* WORK REQUIRED
Everything in the listing below should be repeated verbatim, apart from the pictures.

* SUPPLIED DATA
'''
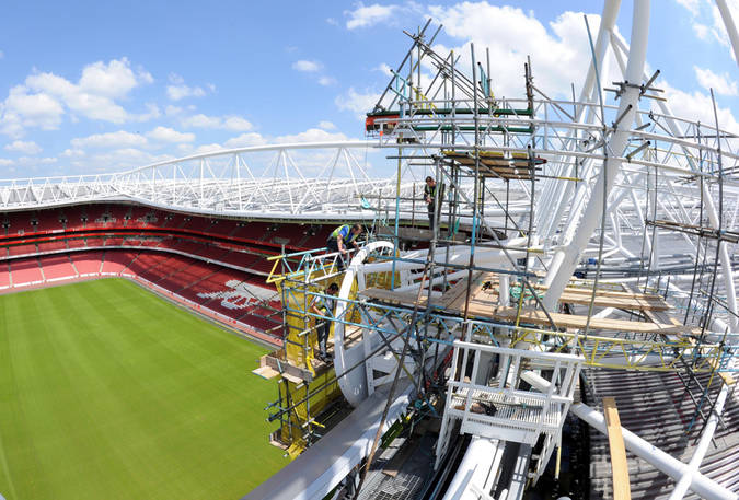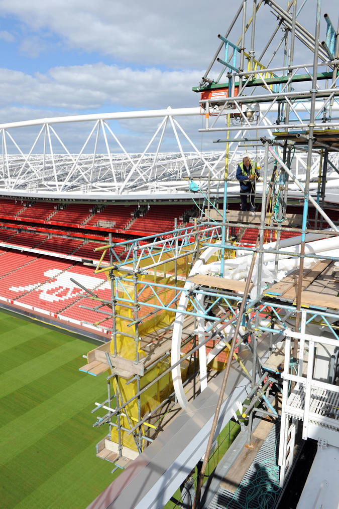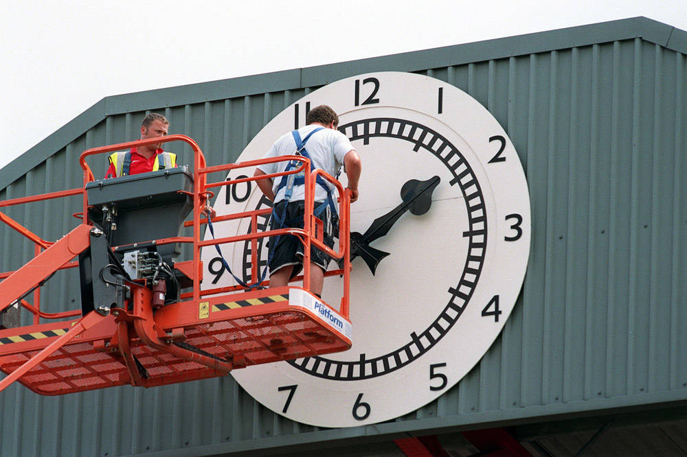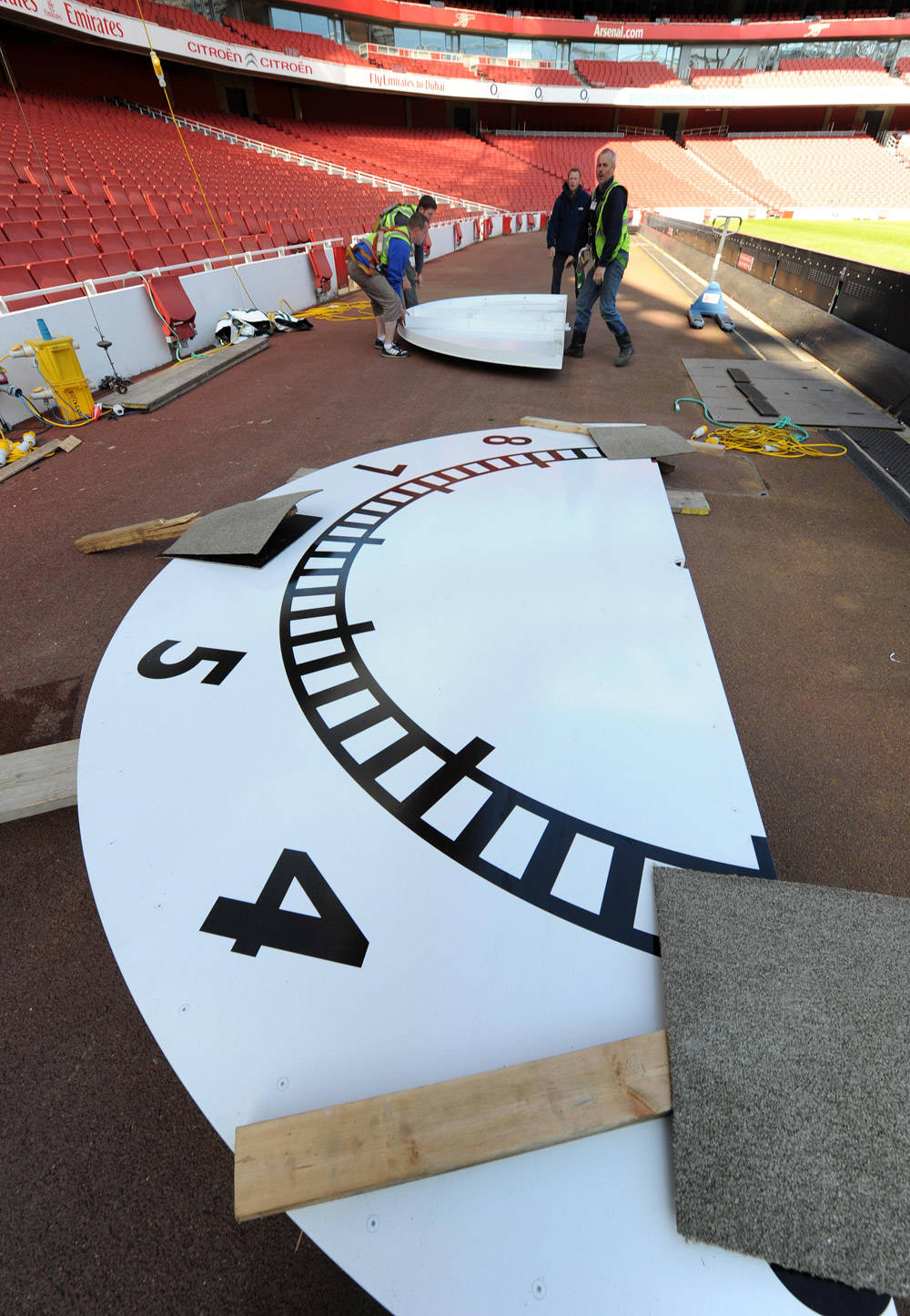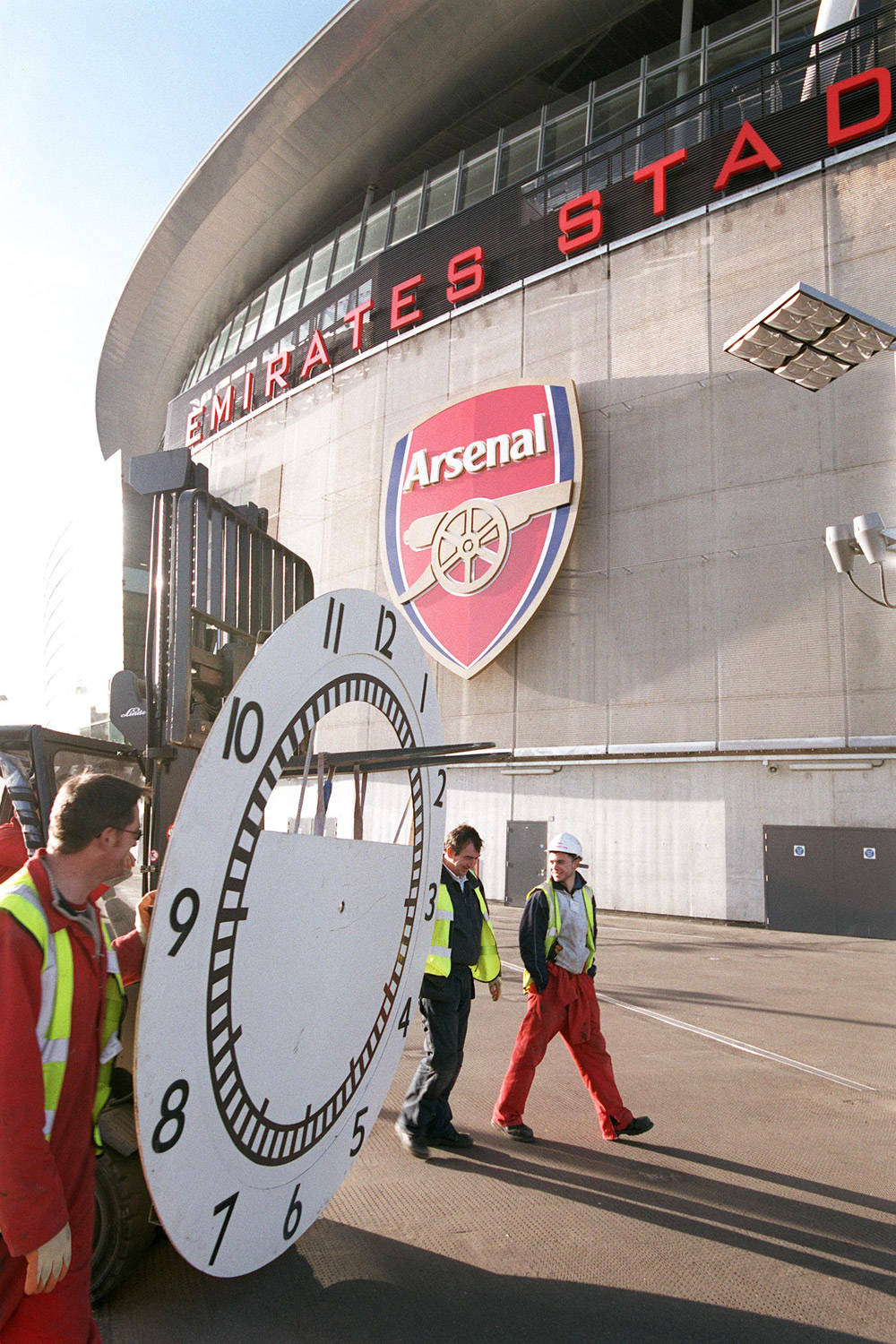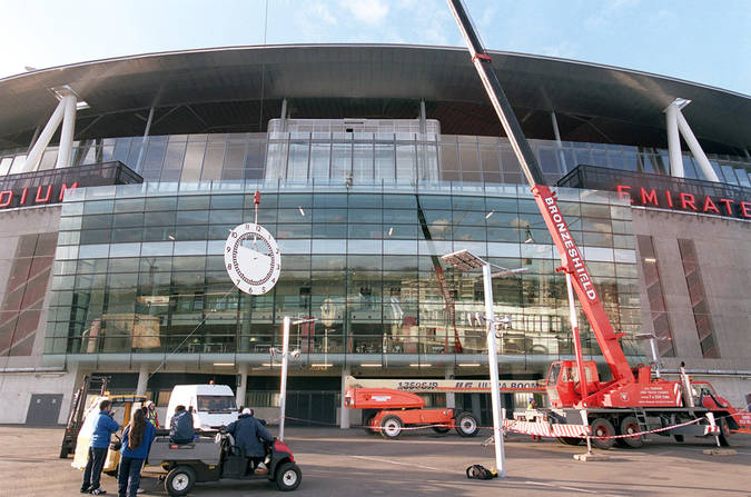 The Clock, which was taken down from Highbury on July 27th 2006, was lifted into place by a 25 tonne crane and took four people, nine hours to install.
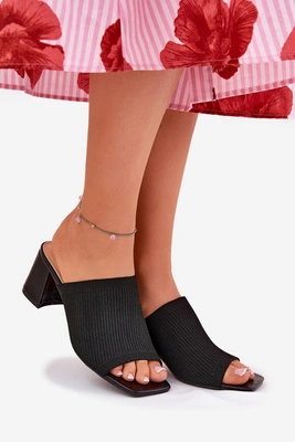 Klapki Damskie Na Obcasie Typu Słupek Czarne Wenilan
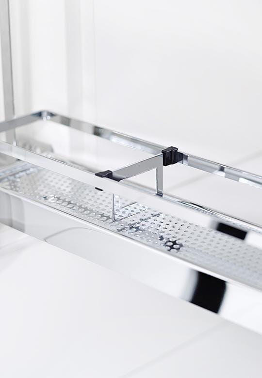- Stabilność i wygoda: wyciąg montowany jest na dwóch prowadnicach, które gwarantują stabilność. Mechanizm wyposażono w adaptery, umożliwiające łatwe wpięcie stelaża w prowadnice oraz regulację frontu w trzech płaszczyznach bez konieczności demontażu.
'''
* WORKED SOLUTION
 The Clock, which was taken down from Highbury on July 27th 2006, was lifted into place by a 25 tonne crane and took four people, nine hours to install.
 Klapki Damskie Na Obcasie Typu Słupek Czarne Wenilan
- Stabilność i wygoda: wyciąg montowany jest na dwóch prowadnicach, które gwarantują stabilność. Mechanizm wyposażono w adaptery, umożliwiające łatwe wpięcie stelaża w prowadnice oraz regulację frontu w trzech płaszczyznach bez konieczności demontażu.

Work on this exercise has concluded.